Renner is talking about membranes with microscopic openings that block most pathogens at the Morgantown facility.

That doesn’t mean the water elsewhere is unsafe to drink. It just has less assurance that it’s been properly filtered, so the risk that it contains contaminants is higher. Private utilities are reluctant to upgrade their systems the same way because of cost and regulations don’t require it. Morgantown was different because it’s publicly owned, and when its system needed to upgrade, engineers thought about safety and then the bottom line.

“I wish that would take hold in other places,” said Angie Rosser, of the West Virginia Rivers Coalition. “They’re showing their customers they are going above and beyond and instilling that confidence that we haven’t regained in Charleston.”

The disaster in Charleston spurred many utilities into action as they realized they couldn’t take clean drinking water for granted. West Virginia American Water in Charleston said it continued upgrading its source water monitoring and analysis last year and will add storage tanks and replace water mains in $29 million of system upgrades this year. It uses gravel, sand and charcoal filters.

The Morgantown board in December 2015 was the first system in West Virginia to publish its source water protection plan, required by state law after the Charleston spill, listing more than 16,000 potential sources of significant contaminants, including nearly 12,000 above ground storage tanks, about 2,000 abandoned mine lands and about 1,200 Marcellus Shale natural gas wells.

Under the Safe Drinking Water Act and 19 major regulations since the 1970s, drinking water systems have spent about $5 billion on upgrades to comply, Renner said. If every surface water treatment plant in the U.S. were to add membrane filtration like the one Morgantown has, it would probably cost billions of dollars, he said.

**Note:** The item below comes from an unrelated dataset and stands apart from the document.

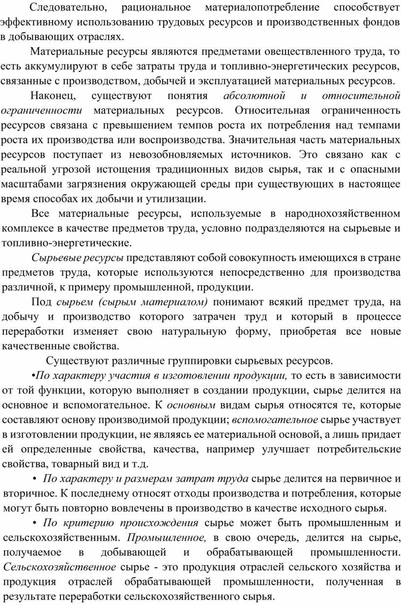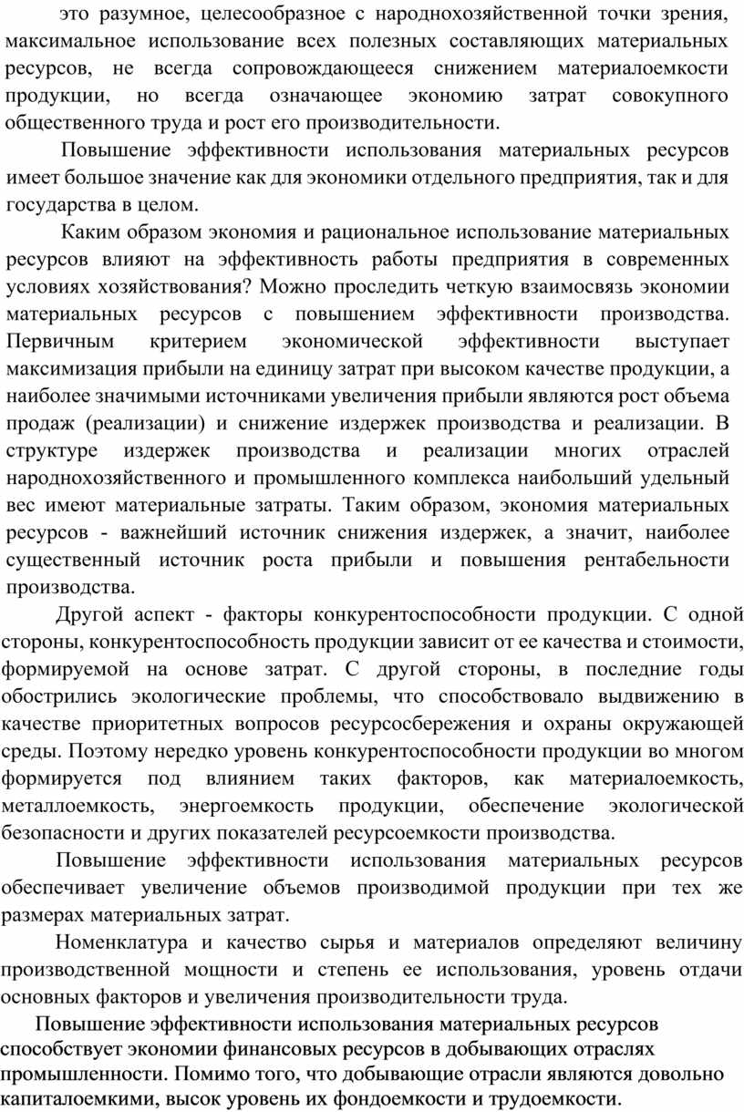 Экономное использование материальных ресурсов предполагает систему сознательно осуществляемых мероприятий, направленных на сокращение материальных затрат общественного производства, на устранение различного рода потерь.

West Virginia’s Bureau of Public Health requires all the water systems for more than 1.5 million customers to test for many contaminants. The bureau issued almost 5,000 violation letters last year, though none to Morgantown. The bureau also sent out 26 permit suspension warning letters, with 11 permits temporarily suspended.

Patrick Murphy, environmental engineering director for the state, said 33 administrative orders setting timelines for fixing multiple violations were issued last year, representing 3 percent of the systems. “Generally the systems in West Virginia are doing well,” he said.

But the challenges from pollution are significant.

The Monongahela, which empties into the Ohio River at Pittsburgh, is on the West Virginia Department of Environmental Protection’s list of “impaired” waterways. Garbage is a minor culprit. The leading polluter is fecal coliform, mostly from human waste. Next is iron, often from mining. Most lakes and many smaller streams lack enough data to tell if they’re impaired.

Engineers at the Morgantown treatment plant face mine drainage, bacteria, sewage, fertilizer, chemicals and other waste and pollution in the Monongahela.

After the waste enters quarter-inch intake screens tilted slightly downstream, the river water is pumped into sediment settling tanks, then through six levels of gravel and sand filters and then through the membranes. Chlorine, lime, carbon, alum and potassium permanganate are added to help purify the water, but closely monitored to try to limit the minute chemical byproducts of disinfection, some considered carcinogens.

Control room operators constantly monitor 2,000 data points by computers with alarms if they exceed normal parameters, treatment and production manager Greg Shellito said. They sample water throughout the system, and in his 30 years, have never had to issue a boil notice, he said.

“In this industry you have to be 100 percent correct 100 percent of the time,” plant manager Mike Anderson said. “What you do in this business is public health.”